Perhaps the most useful type of technology being used to overcome revenue operations challenges is CRM, EDI, and Payment Collection/Order Tracking software.
These B2B solutions aim to automate payment processes, invoice generation, and subscription management while accurately processing and calculating orders, accounts receivable, and customer data.
Using revenue operations management software to optimize revenue cycles is becoming the industry standard. If you haven’t implemented a business software or tool to help manage and maintain your revenue cycles, it’s only a matter of time until your competition surpasses you.
Gaining an understanding of revenue cycles and learning to effectively manage them can lead to increased revenue and a more stable cash flow for your business.

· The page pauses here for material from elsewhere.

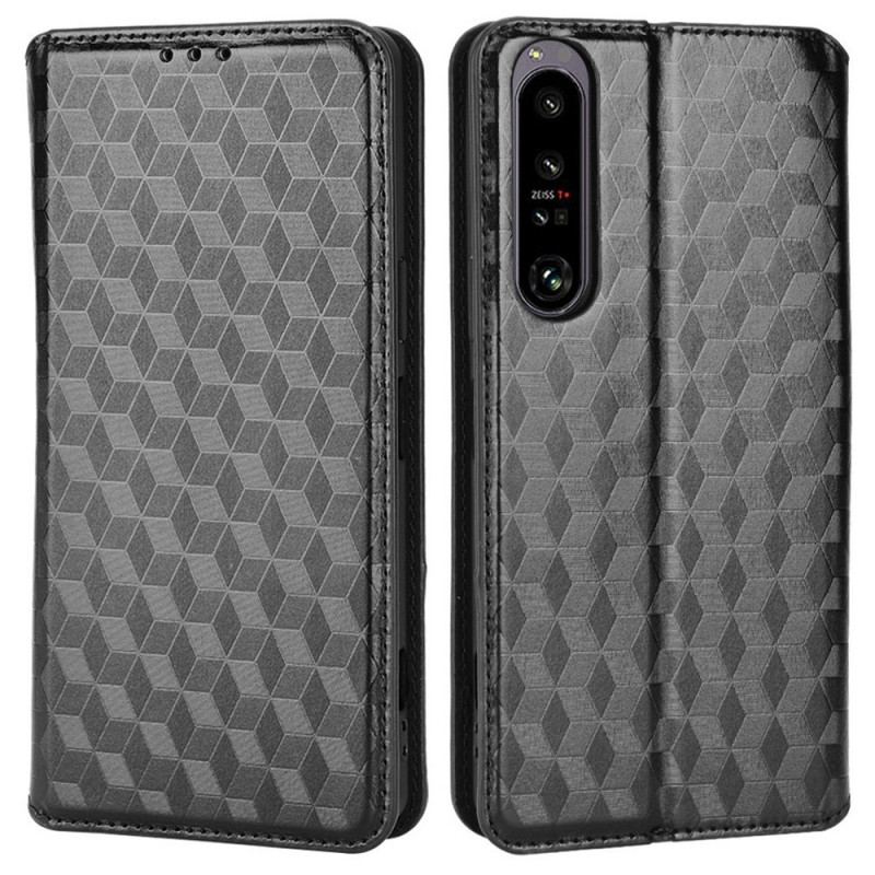 Et Enestående Ultratyndt Flip-Cover I Læderstil, Dekoreret Med 3D-Terninger, Til At Sikre Hele Sony Xperia 1 Iv.

Revenue cycle management is a complex process and requires the collaboration of all departments to implement effectively, from order placement to payment collection. That’s why before implementing this process, it’s vital to ensure your whole team is on the same page.
In this article, we discussed what revenue cycles are and what the typical revenue cycle looks like. This information will help you to develop a RevOps framework to start optimizing revenue cycle operations for different industries.
Due to the wider adoption of technology, better-optimized systems are being developed that are designed to help manage the revenue cycle through automation and data management. So, when creating a data-driven strategy for your RevOps team, it’s essential to factor in the technology that makes it possible for top companies to ensure a positive cash flow to their business.